Thank you Sanna Balsari-Palsule, who discovered that, and thank you Melissa Dahl, who wrote the article! You are providing a service to us non-introverted nerds/geeks who do not fit with their introverted cohorts! There are other people like me who love to think, write, etc., but need a situation like late 19th-century Paris when artists would get together in cafes and hang out and laugh and talk and argue and drink and have a rowdy time!
Because of the introverted structure of society, such people are behind their computers (like me right now), posting to social media on their handhelds or whatever, avoiding human interaction, because technology has created walls that are only scalable via the digital divide!

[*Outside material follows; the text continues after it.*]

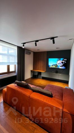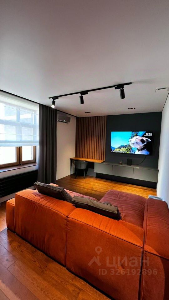 - Гостиная с огромным плоским телевизором и ультраудобным модульным диваном, рабочим столом, кондиционером.

I would like to mention a fellow extrovert who has admitted to the world that she, too, struggles with mandatory introverted work: I found
Katie Lubarsky's blog post after an extensive search. She says "Basically, I prefer being around people. I like working in groups, interacting with others, and sharing thoughts and ideas. It energizes me, inspires me, and keeps me focused." She's a student (or was one when she wrote the post) who is "an extrovert who is trying to write a thesis. Which, by its very nature, is an activity that tends to isolate one from other humans. It’s a solitary pursuit- just me, myself, and my computer, day in and day out." She also says "I find my suppressed extroversion manifesting in all sorts of counterproductive ways" and admits "Even writing this blog, which I promise you is not exactly what I should be spending my time on right now, is an attempt to communicate with the outside world."
Bingo! That was why I started this blog. I love language and didn't have people to talk about it with and didn't have coworkers to chat with (a major drawback of doing solitary freelance work), so I reached out to the world to express myself and have at least a vague feeling that people were "listening" (based on the thousands of hits I used to get from all over the world). What I discovered was that I love blogging to the point that I ended up blogging for other people, including ghost-writing, and even started a secret blog (which I shut down and have relocated to another host to create yet another secret blog).
What sparked this most recent post about the subject (about which I'll probably post again) was that today I was "playing" tennis (quotes for actually just hitting a ball badly) with an extrovert (who had an extroverted career) and an introvert (who probably suffered in a semi-extroverted career). We extroverts kept talking and stopped hitting the ball, which annoyed the introvert. I honestly couldn't tell if the introvert was disgusted by the true personality I was revealing, or if he was just throwing some mild comments out there, but it made me feel self-conscious, causing me to reconsider my behavior. Perhaps that should be a case in which I suppress my true personality to survive yet another introverted situation. Thus this blog post. Because I love expressing myself, I had to write something, since the tennis excursion was the only extroverted opportunity I've literally had all day.
I'm not saying I'm going to quit my introverted work (more hours are spent silently writing and editing than teaching), but I will continue to find outlets to express myself to counteract the IPS (Introverted Power Structure). What will inevitably happen, as occurred today, will be that I will encounter people who are either introverts drained by people like me, or people high up on the
hierarchy of personality who find it disgusting that I'm rising above my station to actually talk...because people who are low on the hierarchy don't have the right to talk unless spoken to (and even then, words have to be limited).
Hopefully, other extroverts will share their feelings online (unless they're too busy talking to live humans), so that the introverts who are constantly complaining will understand the power they have, and the rules they've set.